# [Assignment]
Look through the data below for the line with "小(3画)野(11画)澤(17画) 梨(11画)沙(8画)子(3画)" and the line with "35 м2, угловой", then transcribe exactly from the first through the second, leaving out all pictures.
======== Source records
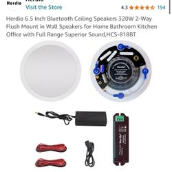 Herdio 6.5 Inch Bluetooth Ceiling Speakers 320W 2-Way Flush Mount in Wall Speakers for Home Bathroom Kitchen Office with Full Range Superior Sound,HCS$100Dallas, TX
================
======== Source records
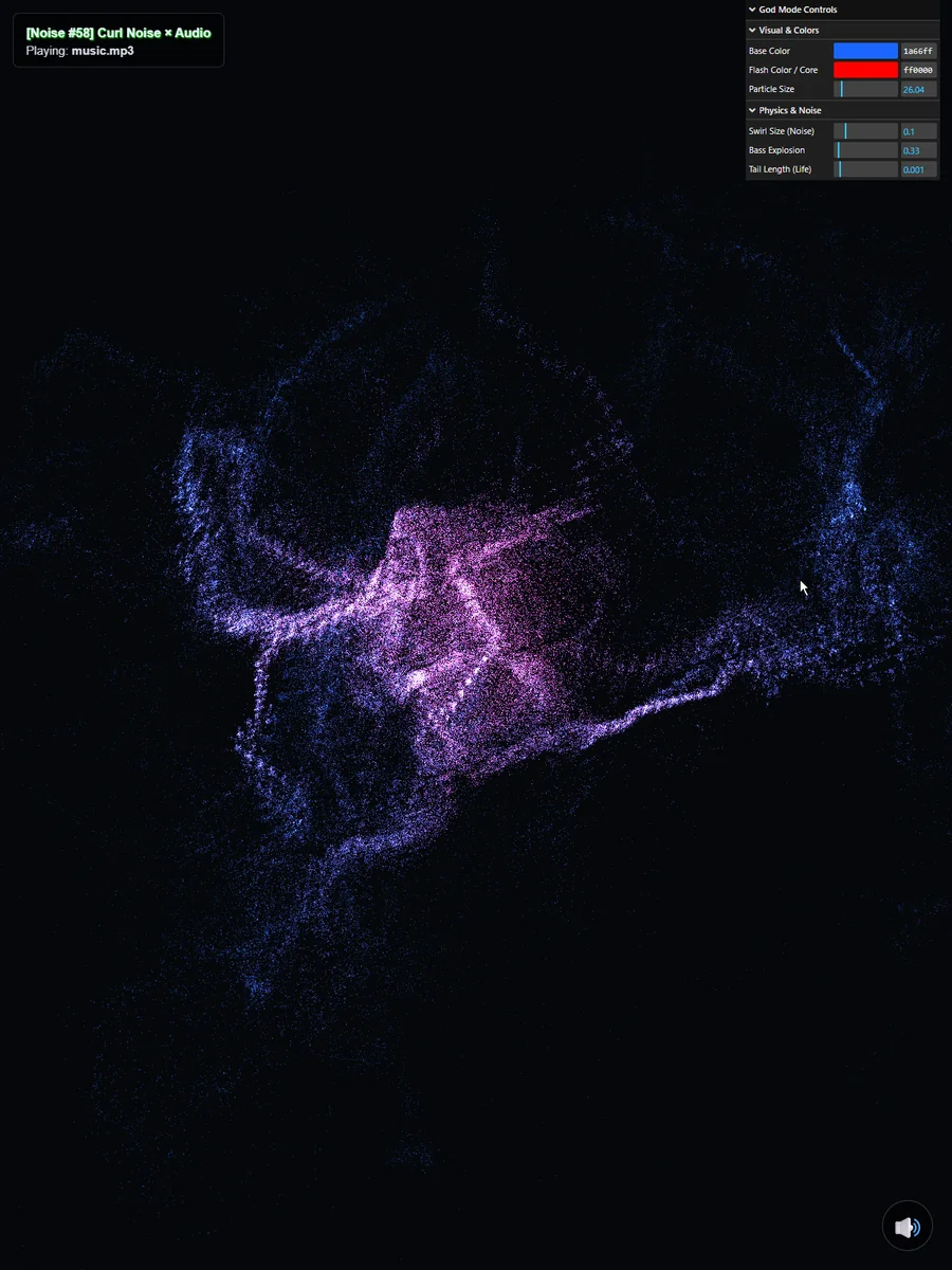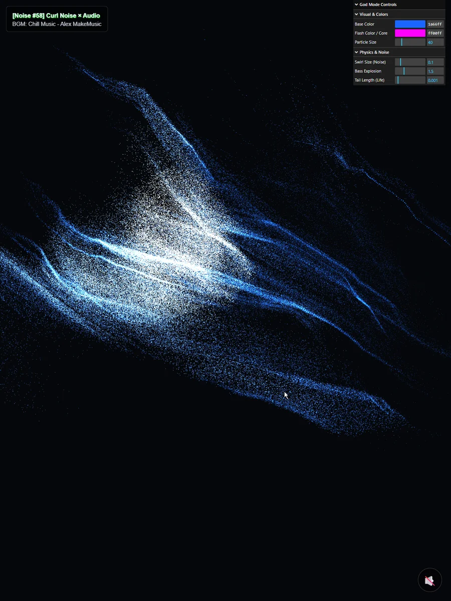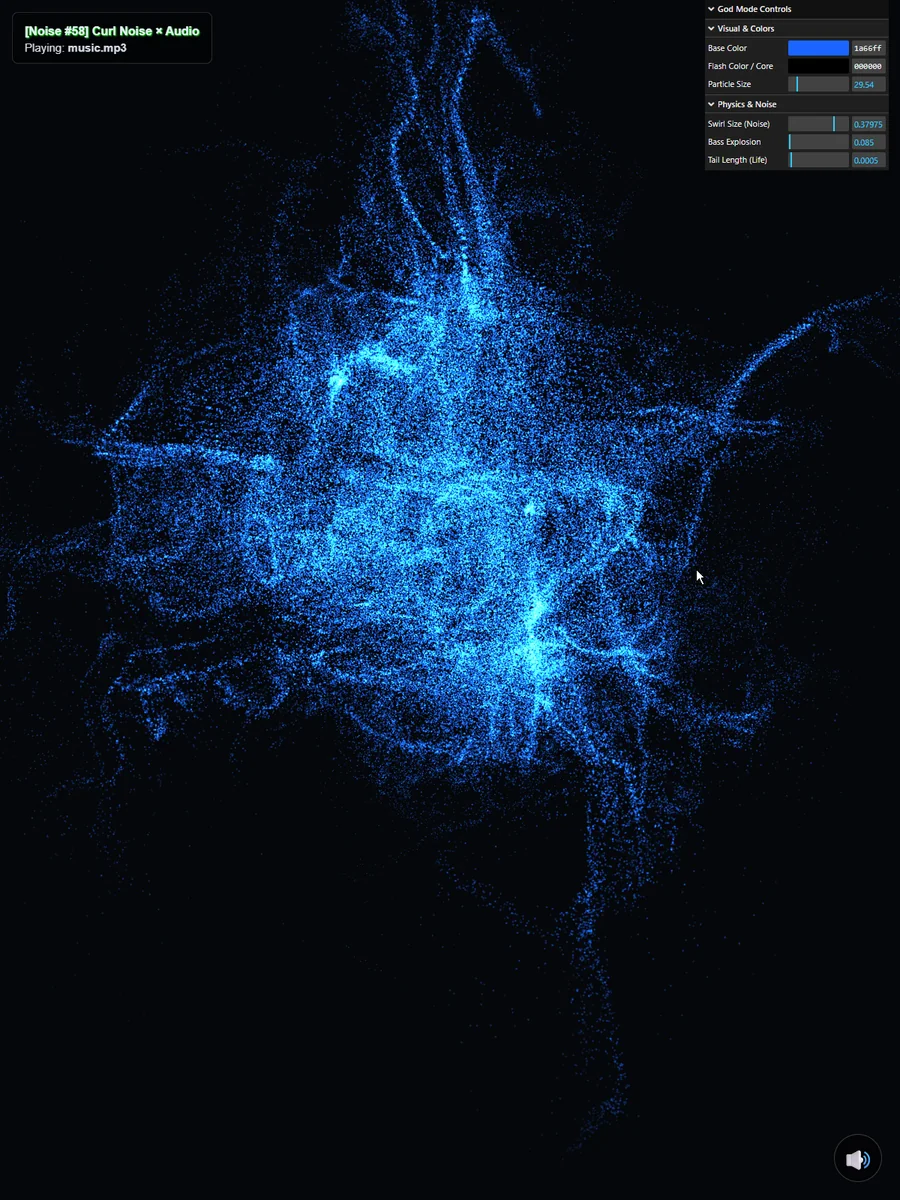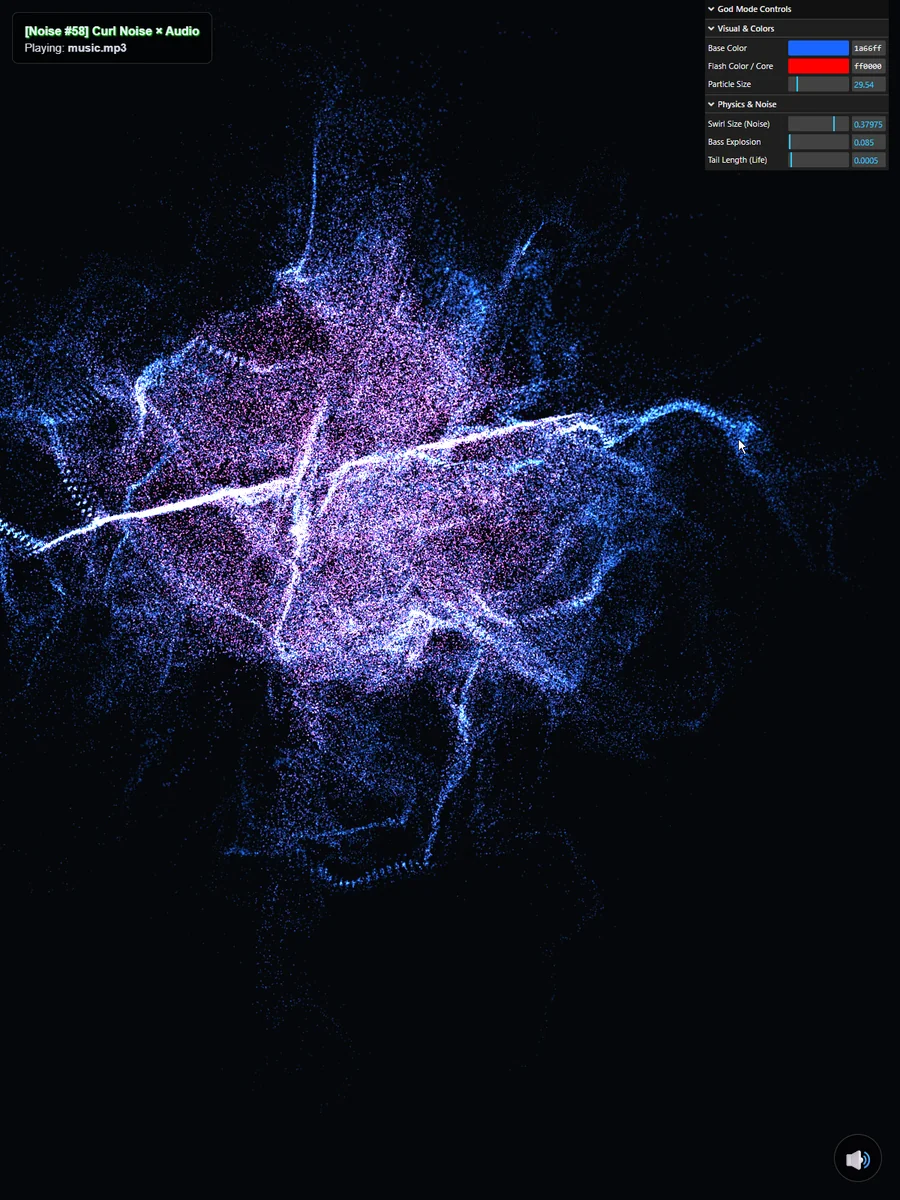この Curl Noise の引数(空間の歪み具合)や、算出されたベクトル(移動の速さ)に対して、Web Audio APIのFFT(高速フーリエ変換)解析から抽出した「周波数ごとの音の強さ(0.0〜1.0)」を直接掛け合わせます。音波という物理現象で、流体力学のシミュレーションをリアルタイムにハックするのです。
================
======== Source records
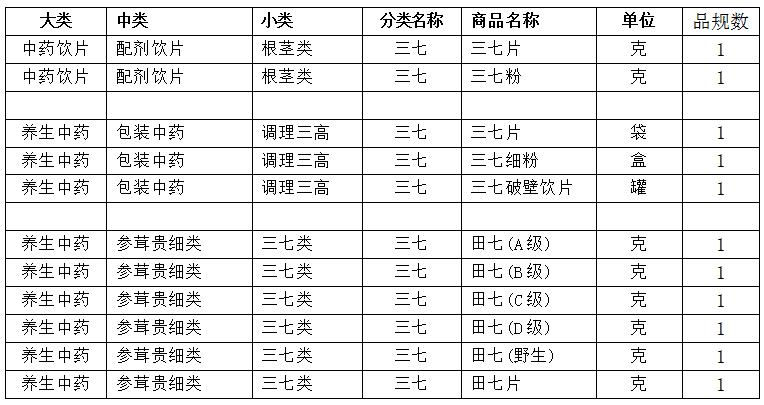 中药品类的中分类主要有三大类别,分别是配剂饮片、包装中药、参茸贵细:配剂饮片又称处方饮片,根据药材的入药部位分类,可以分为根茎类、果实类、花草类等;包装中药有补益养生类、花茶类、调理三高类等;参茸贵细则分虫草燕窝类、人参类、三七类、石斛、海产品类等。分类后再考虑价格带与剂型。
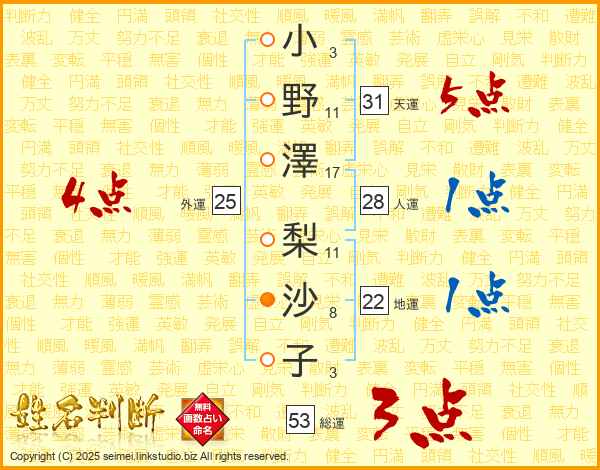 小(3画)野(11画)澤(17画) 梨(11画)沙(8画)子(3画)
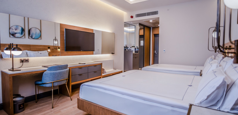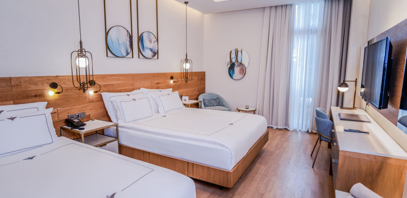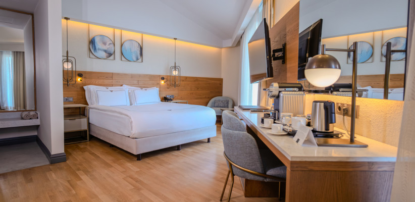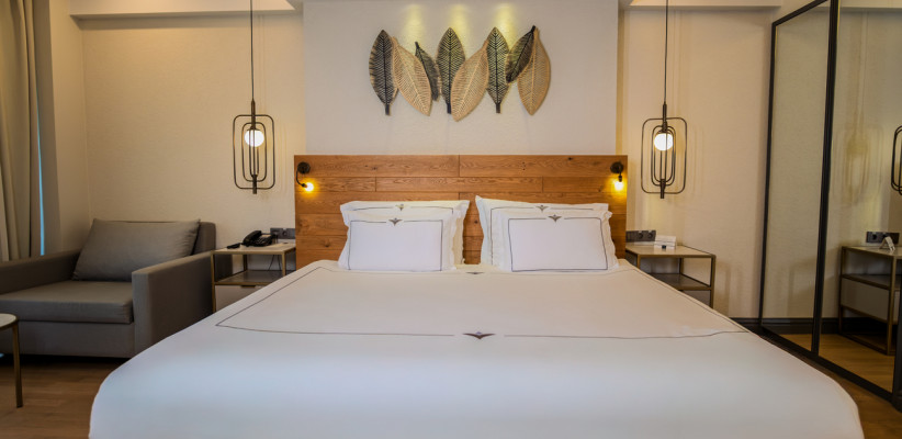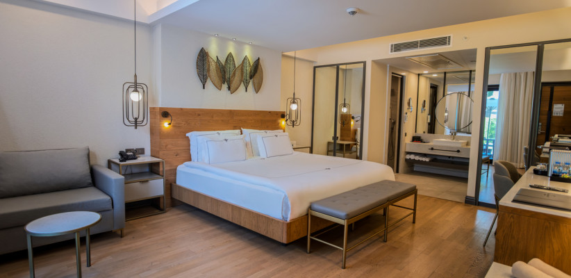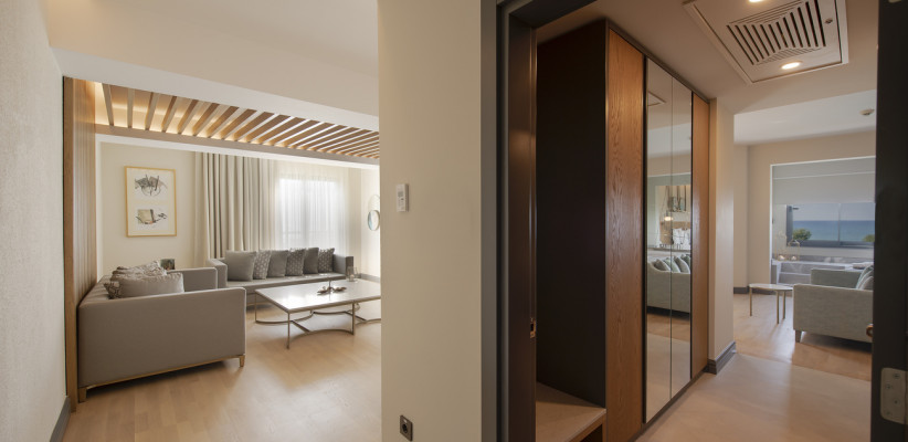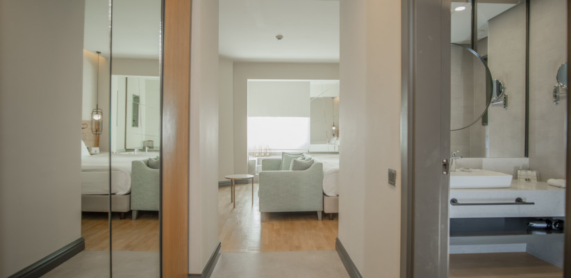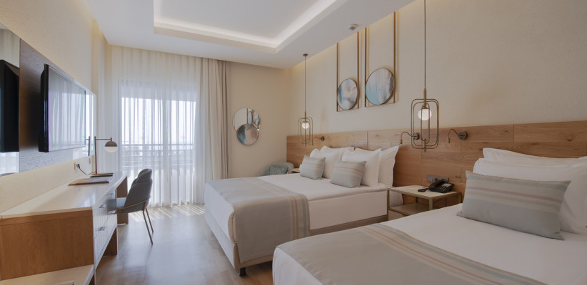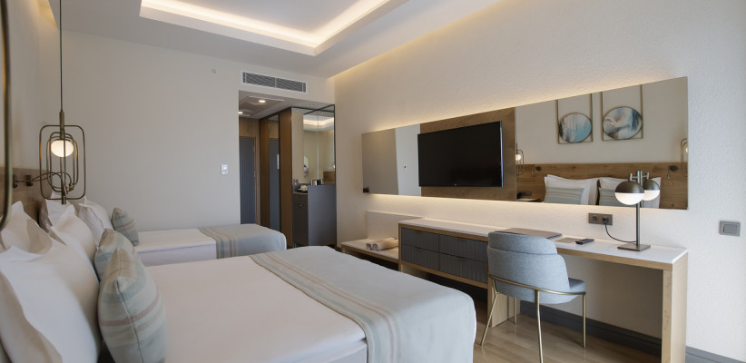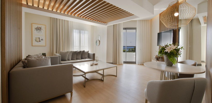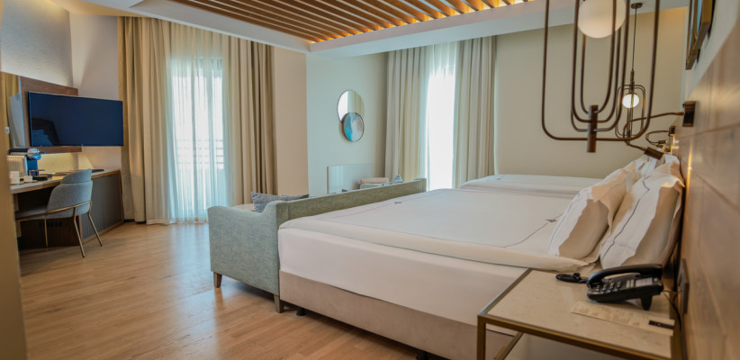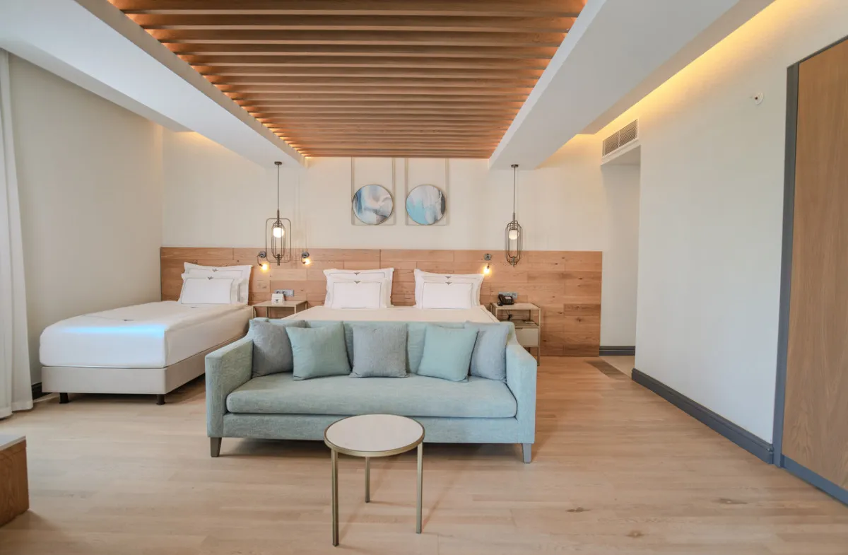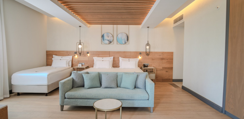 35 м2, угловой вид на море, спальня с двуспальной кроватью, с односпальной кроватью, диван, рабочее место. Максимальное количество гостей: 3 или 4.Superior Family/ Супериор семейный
================
# [Expected output]
 小(3画)野(11画)澤(17画) 梨(11画)沙(8画)子(3画)
 35 м2, угловой вид на море, спальня с двуспальной кроватью, с односпальной кроватью, диван, рабочее место. Максимальное количество гостей: 3 или 4.Superior Family/ Супериор семейный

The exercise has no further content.